◆ Data provided ◆
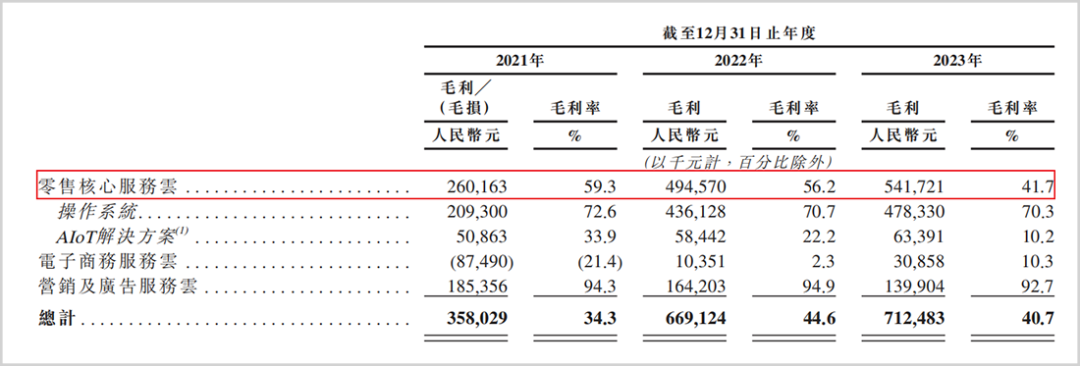 報(bào)告期內(nèi)公司零售核心服務(wù)業(yè)務(wù)增長較快,由2021年的4.39億增長至2023年的12.99億,營收占比由42%提升至74.3%,但業(yè)務(wù)毛利率卻由59.3%降至41.7%。
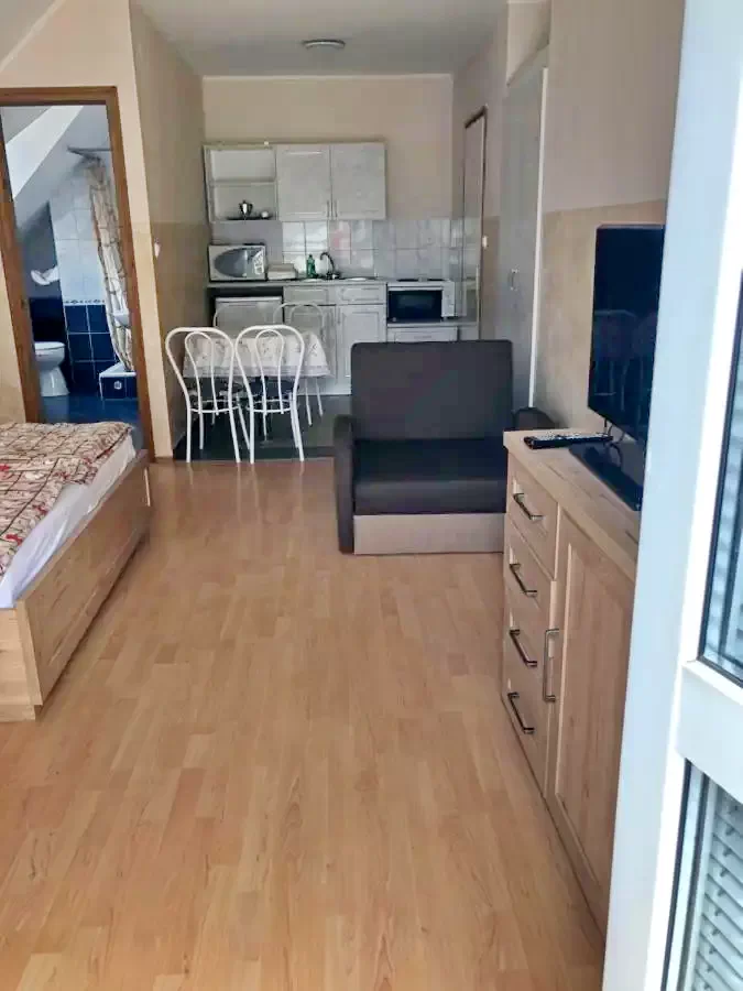 1 db felszerelt konyhával (tûzhely, hûtõ, micro, kávé-,teafõzõ, tányérok, edények, evõeszközök, poharak stb.)
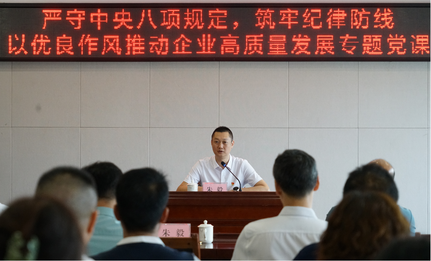 2025年7月8日,集團(tuán)黨委書記、董事長朱毅同志以“嚴(yán)守中央八項(xiàng)規(guī)定,筑牢紀(jì)律防線,以優(yōu)良作風(fēng)推動(dòng)企業(yè)高質(zhì)量發(fā)展”為題,為集體黨員干部講授專題黨課,由集團(tuán)黨委副書記、紀(jì)委書記譚力源主持。此次黨課圍繞理論認(rèn)知、案例警示、實(shí)踐落實(shí)三個(gè)方面展開,深入淺出地闡釋了中央八項(xiàng)規(guī)定精神的豐富內(nèi)涵與重要意義。

◆ Your objective ◆
Transcribe only these lines, exactly: the first line of the listing, every line after it, and the line with "1 db felszerelt", where the copy ends. Include no picture.

◆ Answer section ◆
 報(bào)告期內(nèi)公司零售核心服務(wù)業(yè)務(wù)增長較快,由2021年的4.39億增長至2023年的12.99億,營收占比由42%提升至74.3%,但業(yè)務(wù)毛利率卻由59.3%降至41.7%。
 1 db felszerelt konyhával (tûzhely, hûtõ, micro, kávé-,teafõzõ, tányérok, edények, evõeszközök, poharak stb.)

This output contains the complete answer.